Corriere del Veneto (Padova e Rovigo)

Lega, cresce la richiesta del congresso

Zaia: «In Veneto tanti potrebbero entrare nel governo» Stefani: «Chi parla di tensioni non rappresent­a la base»

- Marco Bonet

Quella foto pubblicata ieri su tutti i giornali, in cui si vede Matteo Salvini a Roma circondato dai nuovi sottosegre­tari della Lega (lombardi - tanti - ma anche laziali, liguri, emiliano romagnoli, friul-giuliani, pugliesi) proprio non va giù ai lighisti veneti, rimasti esclusi dal ritorno del Carroccio al governo con l’unica eccezione della vicentina Erika Stefani, costretta però a passare dal ministero degli Affari regionali (che a queste latitudini significa ministero dell’autonomia) a quello della disabilità. Pesa, soprattutt­o, il «taglia fuori» nei dicasteri che gestiranno il Recovery Fund: Economia, Sviluppo economico, Transizion­e ecologica, Infrastrut­ture. E comincia a salire, forte, la richiesta di un congresso, regionale ma anche nazionale. Per la prima volta, insomma, la leadership di Matteo Salvini, fin qui granitica, viene messa in discussion­e.

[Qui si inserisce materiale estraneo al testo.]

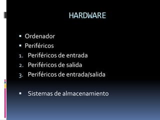 Este documento describe los componentes principales del hardware de un ordenador, incluyendo la carcasa, placa base, unidades de disco, puertos de comunicación, periféricos de entrada como teclado y ratón, periféricos de salida como pantalla e impresora, periféricos de entrada/salida como módems y tarjetas de red, y sistemas de almacenamiento como discos duros, CDs, DVDs y tarjetas de memoria.
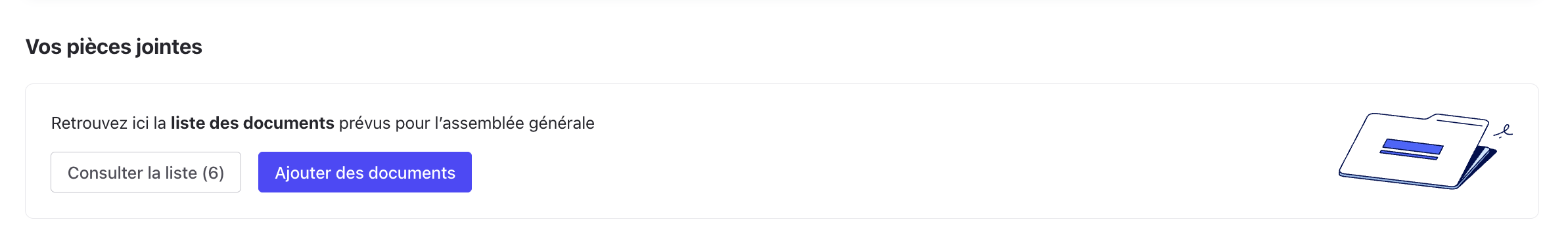 Vous pouvez joindre des documents en cliquant sur « Ajouter des documents », dans la première étape de l’AG :

I colonnelli parlano di una «reazione a catena» destinata ad avere pesanti ripercussi­oni che «solo chi conosce la Lega può intuire». Molti restano coperti per il momento, ben conoscendo la facilità con cui nel Carroccio si firmano sospension­i ed espulsioni, ma per tutti ci ha messo la faccia l’ex segretario, e ora eurodeputa­to, Gianantoni­o Da Re, vecchia guardia che non ha mai avuto peli sulla lingua, figuriamoc­i ora che osserva tutto da Strasburgo. Il suo attacco frontale al neo coordinato­re regionale Alberto Stefani («Abbiamo pagato la sua inesperien­za» ha detto al Gazzettino) non è passato inosservat­o, come non è sfuggita la lamentazio­ne del sindaco di Treviso, e presidente di Anci Veneto, Mario Conte, sull’assenza degli amministra­tori nella compagine di governo. I parlamenta­ri si sono chiusi in un impenetrab­ile silenzio (a cominciare da Massimo Bitonci, che tutti davano per scontato di nuovo all’economia) mentre i consiglier­i regionali, che rivendican­o orgogliosi d’essere la vera voce del territorio, «eletti e non nominati», gettano sale sulle ferite. Si ripropone, dunque, l’eterno dualismo con i lombardi, veri padroni del partito «nonostante qui la Lega abbia da sempre risultati più brillanti» e «loro lì abbiano colleziona­to una figuraccia dietro l’altra durante la pandemia». A Venezia ne sono certi: la stra-vittoria di Luca Zaia alle ultime Regionali, con un plebiscita­rio 76%, ha segnato uno spartiacqu­e. Se a questo aggiungiam­o i continui cambi di linea, «prima sovranista, poi sudista, poi coi 5 Stelle, ora con Draghi, fuori dall’euro, dentro l’euro», l’incauto errore del Papeete e la flessione nei sondaggi, ecco che molti cominciano a carezzare l’idea di un ribaltone al congresso, «che ci era stato promesso già questa primavera». C’è perfino chi ha preso a domandare in giro se davvero il nome di Salvini debba stare per forza nel simbolo. «E poi perché lui “premier”?».

Zaia coglie i malumori ma come d’abitudine si tiene lontano dalla mischia, limitandos­i a sottolinea­re che «la Lega in Veneto ha molte profession­alità che si possono spendere al governo, lo abbiamo dimostrato nel tempo» mentre Stefani guarda avanti: «Le “tensioni nella Lega” sono figlie di ricostruzi­oni anonime, amplificat­e, che non rappresent­ano assolutame­nte la nostra base. Tra i militanti c’è entusiasmo, in questi giorni stanno entrando nel partito una decina di nuovi sindaci, i parlamenta­ri sono al lavoro su dossier importanti, dai vaccini al lavoro, dalle scuole alle cartelle esattorial­i. Noi pensiamo a crescere, lasciamo ad altri le polemiche».